TASK STATEMENT >> Every entry must be given again exactly.

Collected data entries >>
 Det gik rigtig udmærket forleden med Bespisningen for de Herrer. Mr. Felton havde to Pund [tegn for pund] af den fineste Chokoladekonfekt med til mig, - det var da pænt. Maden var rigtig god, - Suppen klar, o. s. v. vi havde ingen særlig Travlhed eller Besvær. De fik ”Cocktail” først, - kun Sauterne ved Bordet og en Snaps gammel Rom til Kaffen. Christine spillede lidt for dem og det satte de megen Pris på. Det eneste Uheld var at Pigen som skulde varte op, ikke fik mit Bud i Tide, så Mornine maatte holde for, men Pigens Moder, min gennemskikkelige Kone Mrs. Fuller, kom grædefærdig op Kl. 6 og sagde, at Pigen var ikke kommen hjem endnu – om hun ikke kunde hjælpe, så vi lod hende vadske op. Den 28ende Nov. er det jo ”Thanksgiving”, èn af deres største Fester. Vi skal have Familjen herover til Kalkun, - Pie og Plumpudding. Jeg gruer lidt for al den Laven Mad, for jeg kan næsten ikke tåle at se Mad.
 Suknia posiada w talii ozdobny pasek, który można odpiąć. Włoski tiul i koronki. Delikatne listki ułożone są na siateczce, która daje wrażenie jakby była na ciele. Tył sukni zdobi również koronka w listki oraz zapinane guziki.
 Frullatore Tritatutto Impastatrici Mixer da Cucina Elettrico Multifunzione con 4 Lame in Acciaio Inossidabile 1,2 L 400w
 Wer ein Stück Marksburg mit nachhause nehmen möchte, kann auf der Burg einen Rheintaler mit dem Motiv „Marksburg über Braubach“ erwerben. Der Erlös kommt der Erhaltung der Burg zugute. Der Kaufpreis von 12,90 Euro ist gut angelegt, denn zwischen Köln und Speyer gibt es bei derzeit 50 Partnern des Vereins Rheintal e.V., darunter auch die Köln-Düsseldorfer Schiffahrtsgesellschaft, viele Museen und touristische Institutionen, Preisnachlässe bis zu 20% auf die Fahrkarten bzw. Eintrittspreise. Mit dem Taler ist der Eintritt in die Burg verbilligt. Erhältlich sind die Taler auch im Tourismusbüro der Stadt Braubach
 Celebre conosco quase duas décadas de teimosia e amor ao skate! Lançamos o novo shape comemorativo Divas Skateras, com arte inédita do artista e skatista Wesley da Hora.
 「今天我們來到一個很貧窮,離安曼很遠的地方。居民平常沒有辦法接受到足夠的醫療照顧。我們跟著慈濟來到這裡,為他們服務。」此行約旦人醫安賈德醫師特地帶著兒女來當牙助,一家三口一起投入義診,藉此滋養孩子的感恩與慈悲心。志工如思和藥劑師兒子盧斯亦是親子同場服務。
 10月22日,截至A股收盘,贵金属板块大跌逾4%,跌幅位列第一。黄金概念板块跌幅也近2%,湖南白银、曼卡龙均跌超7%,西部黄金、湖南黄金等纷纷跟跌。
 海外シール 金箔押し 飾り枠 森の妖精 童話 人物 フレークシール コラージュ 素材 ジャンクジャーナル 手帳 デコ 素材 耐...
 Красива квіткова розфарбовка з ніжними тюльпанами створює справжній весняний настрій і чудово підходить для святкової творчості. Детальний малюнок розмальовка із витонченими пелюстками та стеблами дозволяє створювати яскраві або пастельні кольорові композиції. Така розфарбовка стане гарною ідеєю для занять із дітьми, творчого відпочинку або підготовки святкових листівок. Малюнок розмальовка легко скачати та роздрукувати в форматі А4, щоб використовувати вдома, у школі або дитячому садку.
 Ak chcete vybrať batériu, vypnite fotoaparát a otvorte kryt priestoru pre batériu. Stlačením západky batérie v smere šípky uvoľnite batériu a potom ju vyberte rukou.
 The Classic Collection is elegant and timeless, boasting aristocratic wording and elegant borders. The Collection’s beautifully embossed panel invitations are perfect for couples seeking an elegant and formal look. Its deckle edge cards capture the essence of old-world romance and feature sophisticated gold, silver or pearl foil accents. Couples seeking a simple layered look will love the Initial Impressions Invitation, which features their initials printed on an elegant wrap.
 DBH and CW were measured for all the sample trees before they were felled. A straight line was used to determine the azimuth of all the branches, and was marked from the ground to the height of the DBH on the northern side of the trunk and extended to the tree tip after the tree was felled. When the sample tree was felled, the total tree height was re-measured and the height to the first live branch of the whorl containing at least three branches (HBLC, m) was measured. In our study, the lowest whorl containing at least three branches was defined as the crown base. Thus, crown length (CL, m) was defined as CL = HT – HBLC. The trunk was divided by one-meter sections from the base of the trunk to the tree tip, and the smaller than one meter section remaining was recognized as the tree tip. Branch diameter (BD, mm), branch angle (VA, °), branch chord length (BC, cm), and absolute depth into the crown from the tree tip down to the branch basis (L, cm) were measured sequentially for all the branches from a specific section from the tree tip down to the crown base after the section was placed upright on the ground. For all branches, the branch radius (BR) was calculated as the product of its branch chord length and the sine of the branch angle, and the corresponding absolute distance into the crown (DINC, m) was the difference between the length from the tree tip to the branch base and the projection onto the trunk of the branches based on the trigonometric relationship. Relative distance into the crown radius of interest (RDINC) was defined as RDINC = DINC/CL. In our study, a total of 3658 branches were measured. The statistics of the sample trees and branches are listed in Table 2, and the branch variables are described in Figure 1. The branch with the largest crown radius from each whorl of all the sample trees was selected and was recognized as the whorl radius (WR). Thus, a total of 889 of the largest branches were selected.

RESPONSE FOR THIS EXERCISE >>
 Det gik rigtig udmærket forleden med Bespisningen for de Herrer. Mr. Felton havde to Pund [tegn for pund] af den fineste Chokoladekonfekt med til mig, - det var da pænt. Maden var rigtig god, - Suppen klar, o. s. v. vi havde ingen særlig Travlhed eller Besvær. De fik ”Cocktail” først, - kun Sauterne ved Bordet og en Snaps gammel Rom til Kaffen. Christine spillede lidt for dem og det satte de megen Pris på. Det eneste Uheld var at Pigen som skulde varte op, ikke fik mit Bud i Tide, så Mornine maatte holde for, men Pigens Moder, min gennemskikkelige Kone Mrs. Fuller, kom grædefærdig op Kl. 6 og sagde, at Pigen var ikke kommen hjem endnu – om hun ikke kunde hjælpe, så vi lod hende vadske op. Den 28ende Nov. er det jo ”Thanksgiving”, èn af deres største Fester. Vi skal have Familjen herover til Kalkun, - Pie og Plumpudding. Jeg gruer lidt for al den Laven Mad, for jeg kan næsten ikke tåle at se Mad.
 Suknia posiada w talii ozdobny pasek, który można odpiąć. Włoski tiul i koronki. Delikatne listki ułożone są na siateczce, która daje wrażenie jakby była na ciele. Tył sukni zdobi również koronka w listki oraz zapinane guziki.
 Frullatore Tritatutto Impastatrici Mixer da Cucina Elettrico Multifunzione con 4 Lame in Acciaio Inossidabile 1,2 L 400w
 Wer ein Stück Marksburg mit nachhause nehmen möchte, kann auf der Burg einen Rheintaler mit dem Motiv „Marksburg über Braubach“ erwerben. Der Erlös kommt der Erhaltung der Burg zugute. Der Kaufpreis von 12,90 Euro ist gut angelegt, denn zwischen Köln und Speyer gibt es bei derzeit 50 Partnern des Vereins Rheintal e.V., darunter auch die Köln-Düsseldorfer Schiffahrtsgesellschaft, viele Museen und touristische Institutionen, Preisnachlässe bis zu 20% auf die Fahrkarten bzw. Eintrittspreise. Mit dem Taler ist der Eintritt in die Burg verbilligt. Erhältlich sind die Taler auch im Tourismusbüro der Stadt Braubach
 Celebre conosco quase duas décadas de teimosia e amor ao skate! Lançamos o novo shape comemorativo Divas Skateras, com arte inédita do artista e skatista Wesley da Hora.
 「今天我們來到一個很貧窮,離安曼很遠的地方。居民平常沒有辦法接受到足夠的醫療照顧。我們跟著慈濟來到這裡,為他們服務。」此行約旦人醫安賈德醫師特地帶著兒女來當牙助,一家三口一起投入義診,藉此滋養孩子的感恩與慈悲心。志工如思和藥劑師兒子盧斯亦是親子同場服務。
 10月22日,截至A股收盘,贵金属板块大跌逾4%,跌幅位列第一。黄金概念板块跌幅也近2%,湖南白银、曼卡龙均跌超7%,西部黄金、湖南黄金等纷纷跟跌。
 海外シール 金箔押し 飾り枠 森の妖精 童話 人物 フレークシール コラージュ 素材 ジャンクジャーナル 手帳 デコ 素材 耐...
 Красива квіткова розфарбовка з ніжними тюльпанами створює справжній весняний настрій і чудово підходить для святкової творчості. Детальний малюнок розмальовка із витонченими пелюстками та стеблами дозволяє створювати яскраві або пастельні кольорові композиції. Така розфарбовка стане гарною ідеєю для занять із дітьми, творчого відпочинку або підготовки святкових листівок. Малюнок розмальовка легко скачати та роздрукувати в форматі А4, щоб використовувати вдома, у школі або дитячому садку.
 Ak chcete vybrať batériu, vypnite fotoaparát a otvorte kryt priestoru pre batériu. Stlačením západky batérie v smere šípky uvoľnite batériu a potom ju vyberte rukou.
 The Classic Collection is elegant and timeless, boasting aristocratic wording and elegant borders. The Collection’s beautifully embossed panel invitations are perfect for couples seeking an elegant and formal look. Its deckle edge cards capture the essence of old-world romance and feature sophisticated gold, silver or pearl foil accents. Couples seeking a simple layered look will love the Initial Impressions Invitation, which features their initials printed on an elegant wrap.
 DBH and CW were measured for all the sample trees before they were felled. A straight line was used to determine the azimuth of all the branches, and was marked from the ground to the height of the DBH on the northern side of the trunk and extended to the tree tip after the tree was felled. When the sample tree was felled, the total tree height was re-measured and the height to the first live branch of the whorl containing at least three branches (HBLC, m) was measured. In our study, the lowest whorl containing at least three branches was defined as the crown base. Thus, crown length (CL, m) was defined as CL = HT – HBLC. The trunk was divided by one-meter sections from the base of the trunk to the tree tip, and the smaller than one meter section remaining was recognized as the tree tip. Branch diameter (BD, mm), branch angle (VA, °), branch chord length (BC, cm), and absolute depth into the crown from the tree tip down to the branch basis (L, cm) were measured sequentially for all the branches from a specific section from the tree tip down to the crown base after the section was placed upright on the ground. For all branches, the branch radius (BR) was calculated as the product of its branch chord length and the sine of the branch angle, and the corresponding absolute distance into the crown (DINC, m) was the difference between the length from the tree tip to the branch base and the projection onto the trunk of the branches based on the trigonometric relationship. Relative distance into the crown radius of interest (RDINC) was defined as RDINC = DINC/CL. In our study, a total of 3658 branches were measured. The statistics of the sample trees and branches are listed in Table 2, and the branch variables are described in Figure 1. The branch with the largest crown radius from each whorl of all the sample trees was selected and was recognized as the whorl radius (WR). Thus, a total of 889 of the largest branches were selected.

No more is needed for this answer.